Why AI Monitoring is Hard
Plus, Evaluating AI Evaluations, AI Personality Theft, and Policy Updates
(Source: Claude)
1. Why AI Monitoring is Hard
When enterprises say they want to monitor their AI systems, they rarely mean the same thing. For a security team, monitoring means watching for adversarial attacks and prompt injection. For a compliance officer, it means tracking regulations and court cases that could impact their AI systems. For a product team, it means making sure the model hasn’t quietly gotten worse at the thing it was deployed to do. A new report from NIST formalizes this fragmentation, organizing post-deployment monitoring into six distinct categories that rarely get discussed together:
Functionality — Is the system still working as intended? (Detecting drift, staleness, performance degradation)
Operational — Is the infrastructure running reliably? (Latency, uptime, logging across distributed systems)
Human Factors — How are users actually interacting with the system? (Feedback loops, over-reliance, sycophancy)
Security — Is the system being attacked or misused? (Adversarial inputs, deceptive model behavior, misuse detection)
Compliance — Is the system adhering to relevant regulations and policies? (Terms of service violations, regulatory adherence)
Large-Scale Impacts — Is the system promoting or degrading human well-being at a population level?
The report, drawn from three workshops with over 250 practitioners and a review of 87 papers, finds that most organizations are only monitoring one or two of these categories, and the field lacks agreed-upon methods, shared terminology, and basic consensus on who in the AI supply chain is even responsible for each. The incentive problems compound this: monitoring is expensive, publicly reporting incidents carries legal and competitive risk, and AI outputs are non-deterministic enough that establishing a reliable performance baseline is itself an open research problem. For deployers specifically, the report is a formal acknowledgment from NIST that the governance burden is shifting downstream, and the tools and standards needed to manage it don’t yet exist. The best practices for collecting and analyzing this kind of data are highly immature, and quickly shifting alongside the AI technology stack.

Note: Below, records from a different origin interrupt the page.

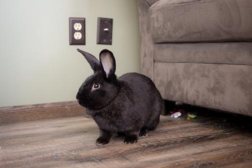 Raven is a young Flemish Giant/New Zealand mix from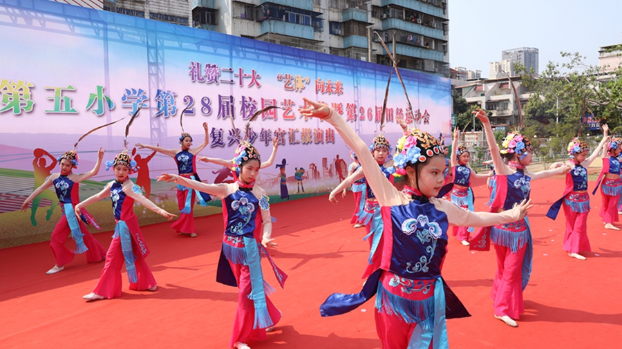 “少年智則國智!少年富則國富!少年強則國強!”日前,充滿朝氣的聲音在博羅縣第五小學(xué)上空久久回蕩,該校第28屆校園藝術(shù)節(jié)暨26屆田徑運動會復(fù)興少年宮匯報演出正在上演。舞臺上,孩子們用悠揚的歌聲、輕快的舞蹈表達內(nèi)心的喜悅,充分展示出博羅縣“復(fù)興少年宮”工作的豐碩成果。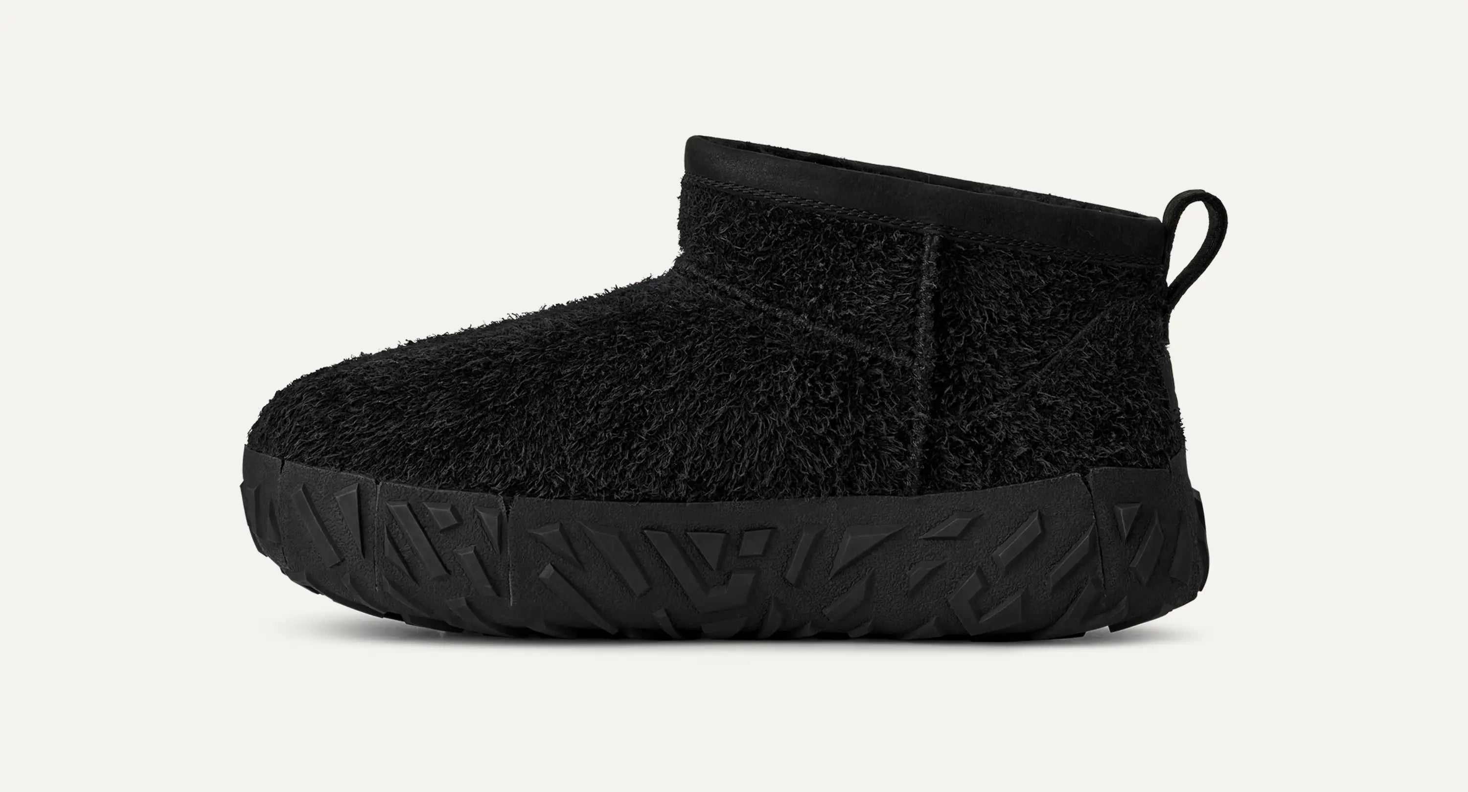Our Classic Ultra Mini Wrap Tech takes one of our modern Classics into a new era. With the same shorter shaft and Twin Seam details you love in the Classic Ultra Mini, this iteration features a shaggy suede upper and a wrapped Vibram® outsole with a raw-edged finish. Equally bold and comfortable, this boot surrounds you in our signature curly UGGplush™ lining and insole and offers all-day support with the lightweight sugarcane EVA midsole.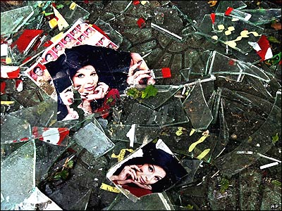 بقايای يک مرکز عکاسی در کابل که امروز در اثر يک بمب گذاری انتحاری ويران شد. دست کم دوازده نفر در اثر اين حمله که در بيرون ساختمان وزارت کشور افغانستان در کابل رخ داد، کشته شدند.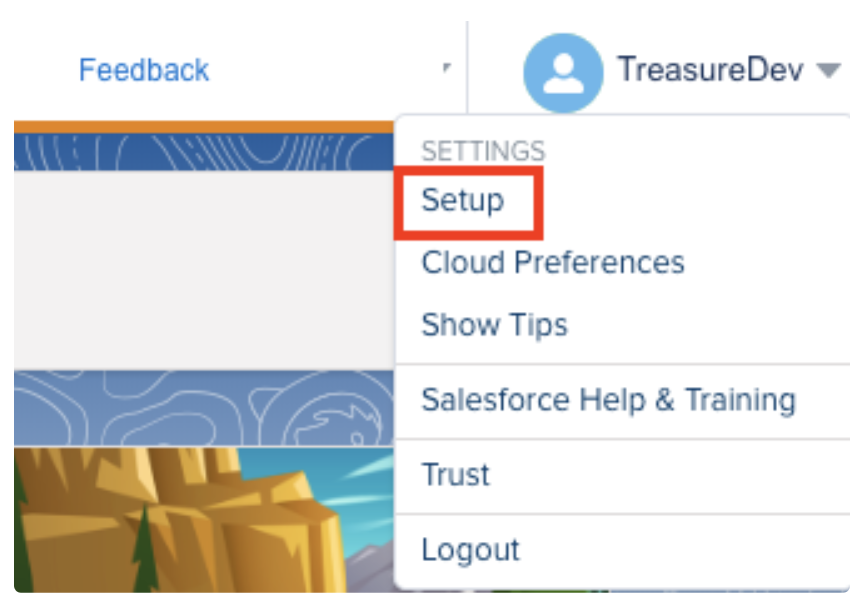 - On the Welcome Page, select your name in the top right corner and select Setup.
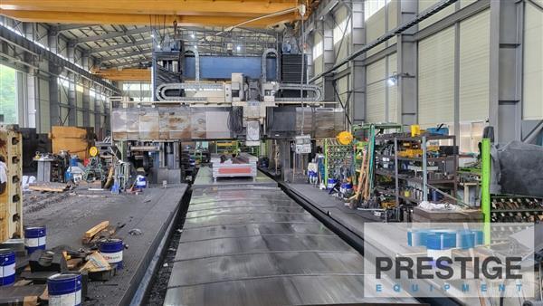 X-Axis Travel 413.38" Y-Axis Travel 196.85" Z-Axis Ram Travel...................... 39.37" 39.37" W-Axis Cross Rail Travel 98.42" Distance Between Columns 157.48" Maximum Spindle Speed 2000 RPM Table Size ........ 393.70" x 118.11" Table Load Capacity 110,000 Lbs. Taper BT 50 Main Motor 49.3 HP Equipped With: Fanuc 18iMB CNC Control 60 Station Automatic Tool Changer Thru Spindle Coolant 90 Degree Angle Head Extension Head Automatic Attachment Changer |

Trustible’s own AI Monitoring whitepaper, and blog post separates the ideas of ‘internal’ monitoring which focuses on analysing highly technical data about the relevant AI system, and ‘external’ monitoring which aims to collect information from outside the deployers boundaries. Internal monitoring largely maps to NIST’s Functionality, Operational, and Security factors while, ‘external’ monitoring maps to the Human Factors, Compliance, and Large Scale Impacts elements.
Key Takeaway: AI Monitoring is all of these things, and there’s therefore no ‘silver bullet’ solution for all forms of AI monitoring. The NIST framework is a useful forcing function for governance teams to audit which monitoring categories they’ve actually addressed and which they’ve implicitly assumed someone else owns.
2. Tech Explainer: The Trouble with Evaluations
As AI systems grow more advanced, evaluating them gets more complicated; at the same time, we are seeing a decreased consistency in how evaluations are reported for general-purpose AI models. Unlike traditional machine learning, where models are built for a specific purpose (e.g. predicting if an email is spam) and can be evaluated against that goal, GPAI models are adapted for downstream tasks and assessed benchmarks (e.g. math problem solving) that are often inconsistently applied. Two providers can report scores on the same benchmark while using different prompting strategies or answer aggregation techniques, making direct comparisons unreliable. A benchmark can also misrepresent what it claims to measure: interview-style coding questions won’t tell you much about how a model performs in a production system.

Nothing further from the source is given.